Task prompt
Although the data below holds other lines too, output only those from the line with "I've always had" up to and including the line with "中山市民众新徽学校召开2019年春学期防地震应急避震疏散演练活动发布时间:2019-05-14 10:54 信息来源:本网站", exactly as they appear.

Records for processing
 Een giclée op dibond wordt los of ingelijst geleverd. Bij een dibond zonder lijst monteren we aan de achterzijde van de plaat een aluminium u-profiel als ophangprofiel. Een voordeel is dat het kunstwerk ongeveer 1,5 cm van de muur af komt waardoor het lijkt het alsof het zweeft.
---
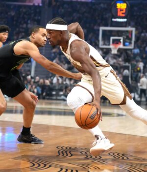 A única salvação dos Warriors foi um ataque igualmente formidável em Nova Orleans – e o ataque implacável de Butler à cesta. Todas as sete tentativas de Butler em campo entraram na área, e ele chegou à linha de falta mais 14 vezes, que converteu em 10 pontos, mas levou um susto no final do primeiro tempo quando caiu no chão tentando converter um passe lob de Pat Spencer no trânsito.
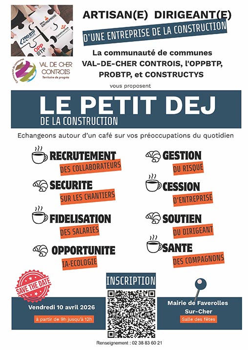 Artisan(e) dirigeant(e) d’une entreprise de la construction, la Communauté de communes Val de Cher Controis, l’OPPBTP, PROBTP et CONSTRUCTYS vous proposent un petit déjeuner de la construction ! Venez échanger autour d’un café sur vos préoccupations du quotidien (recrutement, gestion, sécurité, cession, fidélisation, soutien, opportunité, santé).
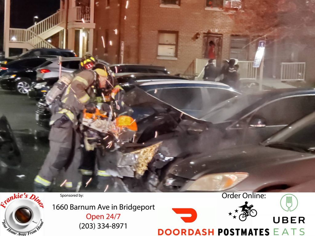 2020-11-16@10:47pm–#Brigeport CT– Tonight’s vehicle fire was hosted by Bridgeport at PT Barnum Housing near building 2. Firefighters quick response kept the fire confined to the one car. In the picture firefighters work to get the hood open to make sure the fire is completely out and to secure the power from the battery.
==
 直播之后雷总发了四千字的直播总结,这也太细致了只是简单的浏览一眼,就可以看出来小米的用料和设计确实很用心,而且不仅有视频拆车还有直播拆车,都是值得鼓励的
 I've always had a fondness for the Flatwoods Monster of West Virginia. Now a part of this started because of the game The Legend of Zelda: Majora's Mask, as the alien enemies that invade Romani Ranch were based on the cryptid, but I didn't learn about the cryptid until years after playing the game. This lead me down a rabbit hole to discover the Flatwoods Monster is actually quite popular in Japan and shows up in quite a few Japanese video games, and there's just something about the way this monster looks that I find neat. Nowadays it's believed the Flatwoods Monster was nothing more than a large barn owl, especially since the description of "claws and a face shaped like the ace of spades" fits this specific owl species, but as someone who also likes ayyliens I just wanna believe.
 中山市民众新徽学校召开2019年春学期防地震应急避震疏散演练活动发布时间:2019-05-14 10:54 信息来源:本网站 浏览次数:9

Your response
 I've always had a fondness for the Flatwoods Monster of West Virginia. Now a part of this started because of the game The Legend of Zelda: Majora's Mask, as the alien enemies that invade Romani Ranch were based on the cryptid, but I didn't learn about the cryptid until years after playing the game. This lead me down a rabbit hole to discover the Flatwoods Monster is actually quite popular in Japan and shows up in quite a few Japanese video games, and there's just something about the way this monster looks that I find neat. Nowadays it's believed the Flatwoods Monster was nothing more than a large barn owl, especially since the description of "claws and a face shaped like the ace of spades" fits this specific owl species, but as someone who also likes ayyliens I just wanna believe.
 中山市民众新徽学校召开2019年春学期防地震应急避震疏散演练活动发布时间:2019-05-14 10:54 信息来源:本网站 浏览次数:9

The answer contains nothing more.